Baptism of the Lord – January 10th – the “RICE” of Baptism
Bottom Line: The Teacher is a doer, not a talker. He wants action, not pious platitudes or vague resolutions. We read that soon after Jesus’ baptism, John was arrested and the Kingdom of God movement needed a new leadership. When Jesus heard it he went up and took on the task, in this way implementing the commitment he made at his baptism to promote the kingdom of God. We can see that for Jesus baptism was not just a question of what he could receive but very much a question of what he could contribute to the cause of the kingdom of God on earth.
Father Martino Nguyen Ba-Thong (St. Anne Catholic Church – Columbus, GA)
Baptism of The Lord (2009)
1 John 5:1-9
The RITE or RICE of Baptism!
Last week I preached on how we need to be the LIGHT for Christ and we must keep our Baptism light burning brightly! This week, the feast of Christ’s baptism – I want to continue on that theme – Keep our light burning!
Let me begin with a story! Johnny Moses, from the Nootka Indian tribe, told the story of what happened in his tribe when the first British missionaries tried to take over and convert the Indians back in the 1800s. It took the priest years to learn the language. And when he did, he began to preach about the Good News! He told our people about hell. No one knew what hell was. They asked the priest where hell was, and he told them it was the place where bad people went. Well, our elders told the priest that our ancestors had never given us directions to hell, so none of us had ever been there. Then the priest told us that he would baptize us and that we would have to go to confession once a week and eat fish on Friday.
There was a very old man in our village.
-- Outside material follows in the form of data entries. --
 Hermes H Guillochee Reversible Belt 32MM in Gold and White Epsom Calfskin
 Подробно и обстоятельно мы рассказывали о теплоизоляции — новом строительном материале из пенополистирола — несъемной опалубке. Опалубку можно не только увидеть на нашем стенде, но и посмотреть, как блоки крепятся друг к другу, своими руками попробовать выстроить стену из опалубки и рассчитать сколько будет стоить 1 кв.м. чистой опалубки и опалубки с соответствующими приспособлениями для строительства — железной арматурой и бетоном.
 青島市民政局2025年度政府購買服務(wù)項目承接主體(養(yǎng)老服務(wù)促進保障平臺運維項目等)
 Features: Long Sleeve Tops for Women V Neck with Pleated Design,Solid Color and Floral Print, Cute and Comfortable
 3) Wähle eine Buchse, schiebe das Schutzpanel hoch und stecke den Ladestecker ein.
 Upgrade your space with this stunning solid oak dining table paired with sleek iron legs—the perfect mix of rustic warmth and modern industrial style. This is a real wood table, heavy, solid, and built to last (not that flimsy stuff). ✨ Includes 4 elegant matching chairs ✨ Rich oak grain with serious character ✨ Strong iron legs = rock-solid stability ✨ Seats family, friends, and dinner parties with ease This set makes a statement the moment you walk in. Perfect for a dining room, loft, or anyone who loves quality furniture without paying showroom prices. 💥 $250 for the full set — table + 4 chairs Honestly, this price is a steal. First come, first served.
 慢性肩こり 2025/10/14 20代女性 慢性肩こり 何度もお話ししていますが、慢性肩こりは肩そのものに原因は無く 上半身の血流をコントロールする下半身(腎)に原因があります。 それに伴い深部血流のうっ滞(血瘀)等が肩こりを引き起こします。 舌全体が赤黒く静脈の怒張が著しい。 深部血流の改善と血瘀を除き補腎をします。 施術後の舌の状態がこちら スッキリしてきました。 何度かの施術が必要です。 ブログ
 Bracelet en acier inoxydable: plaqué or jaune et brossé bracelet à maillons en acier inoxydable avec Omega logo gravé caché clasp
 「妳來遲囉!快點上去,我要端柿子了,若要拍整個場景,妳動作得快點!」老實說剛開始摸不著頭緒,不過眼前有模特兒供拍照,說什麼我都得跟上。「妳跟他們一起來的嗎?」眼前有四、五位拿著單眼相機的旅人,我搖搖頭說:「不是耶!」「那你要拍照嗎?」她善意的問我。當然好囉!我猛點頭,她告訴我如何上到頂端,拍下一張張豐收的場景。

The priest baptized him and named him Anthony. The priest told Anthony that he would have to go to confession once a week and eat fish on Friday. Some time later, the people of the village said Anthony was not going to confession. So the priest went to see him. It was a Friday. When he found Anthony, the old man was cooking deer meat.
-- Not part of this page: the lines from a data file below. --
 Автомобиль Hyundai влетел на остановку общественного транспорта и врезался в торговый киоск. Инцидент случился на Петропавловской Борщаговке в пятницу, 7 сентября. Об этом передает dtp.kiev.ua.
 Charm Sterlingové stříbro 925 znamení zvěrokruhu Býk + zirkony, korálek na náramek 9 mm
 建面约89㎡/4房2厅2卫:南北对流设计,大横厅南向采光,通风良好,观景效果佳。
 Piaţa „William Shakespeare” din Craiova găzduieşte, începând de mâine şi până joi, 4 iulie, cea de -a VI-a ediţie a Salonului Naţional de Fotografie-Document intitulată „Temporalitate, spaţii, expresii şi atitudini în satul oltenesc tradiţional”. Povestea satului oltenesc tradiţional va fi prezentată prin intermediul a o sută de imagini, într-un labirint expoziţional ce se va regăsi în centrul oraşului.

The priest asked him why he was eating deer meat, and Anthony told the priest that he was a very old man, and that he had shot the deer with his bow and arrow. He told the priest that although he was very sick, he dragged the deer to the river. There, he baptized the deer. And named him Fish in the name of the Father, Son and Holy Spirit.
Now my dear friends, how often you and I we do the same thing – baptize our problem and remam them to make it looks good? Quite often! We have turn off the light of our baptism. An atheist said, “If Christians are the light of the world, somebody has forgotten to turn the switch on.” Now it is time that we turn on the switch!
I came from the culture that every meal must have rice! Even the baptismJ Have you ever heard some Asians call it the “rice” of baptism rather the RITE of baptism! Though the connection between baptism and rice is altogether accidental, one can use it as a memory aid for the meaning of baptism.
The meaning of baptism can be found in the four letters of the word RICE. R stands for Rebirth. In baptism we are born again by water and the Holy Spirit. We are cleansed from original sin and become sons and daughters of God in a special way. I stands for Initiation. At baptism we are initiated or admitted into full membership in the church, the community of the children of God in the world. C is for Consecration. In baptism we consecrate and dedicate ourselves to seek and to spread the kingdom of God. We commit ourselves to be servants of God, to do God’s will and serve God with our whole lives. And E is for Empowerment. At baptism the Holy Spirit comes into our lives and empowers us, equips us, gives us the moral strength to say no to evil and to live as God’s children that we have become.
These four effects of baptism help us to be doers for Christ. But there is one problem did Jesus need to be baptized. Wow, Jesus is telling us that we must first direct our attention to our own personal lives with little ceremony and less pomp. We must cleanse ourselves with rough brown laundry soap in clean waters as He did. Then and only then can we properly address ourselves to the many human problems. Every reformation must first begin in one’s own home and with oneself. It must be done as simply and quickly as possible.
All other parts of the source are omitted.